人皆有颗八卦之心,他也不例外,“钟离是狗”的言论,成功勾起了他的好奇心。

        唰唰唰,火速往下拜读。

        ——一日道侣百日恩,你觉得我那么说他过分了是吧?一点都不。想当年,他修无情道,对谁都不冷不热,一碗水端平,我当然也没有多想,谁能猜到这种冰山木头也有偷偷开窍的可能?

        ——钟离狗暗恋我,不说,每天一有时间,就在校场旁看我舞剑,我舞完了,问他怎么样,他评论一句,力道不足,收招不够利落,还须勤加练习。
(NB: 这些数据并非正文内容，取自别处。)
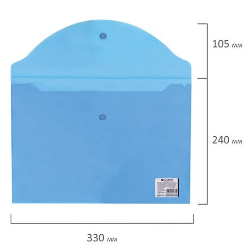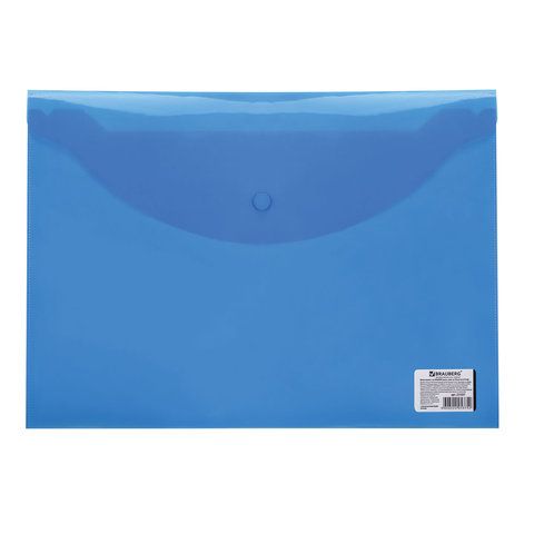 —Папка-конверт с кнопкой А4 BRAUBERG, прозрачная, синяя, до 100 листов, 0,15мм 1/15/90

我呸!他个弱柳扶风的琴修,懂个屁的剑!当时我就不乐意了,决定跟他打一场,以振雄风……当然了,其实也不是所有琴修都弱柳扶风。

        ——当日晚上,他敲门来给我送药,我赌气不肯收,他就在门外站着不走,说不收也可以,明天就去向师尊检举我藏春宫画册以及酒坛子的地方……个狗东西,帮我上药的时候,明明都快美上天了,还假装板着个脸,说我细皮嫩肉的,一点不像爷们,像个姑娘。

        ——宗门大比快到了,我连着几个月在校场练到四更天,他担心我,怕我练得太过晕倒,就也在不远处的琴室中,邦邦邦弹个没完,可他越邦,我越心急,练得就越晚,三个月下来,差点没让他给我卷死……那次大比之后,我元气大伤,在床上躺了七天才好,就这事,恨他恨了好久,现在都不想原谅。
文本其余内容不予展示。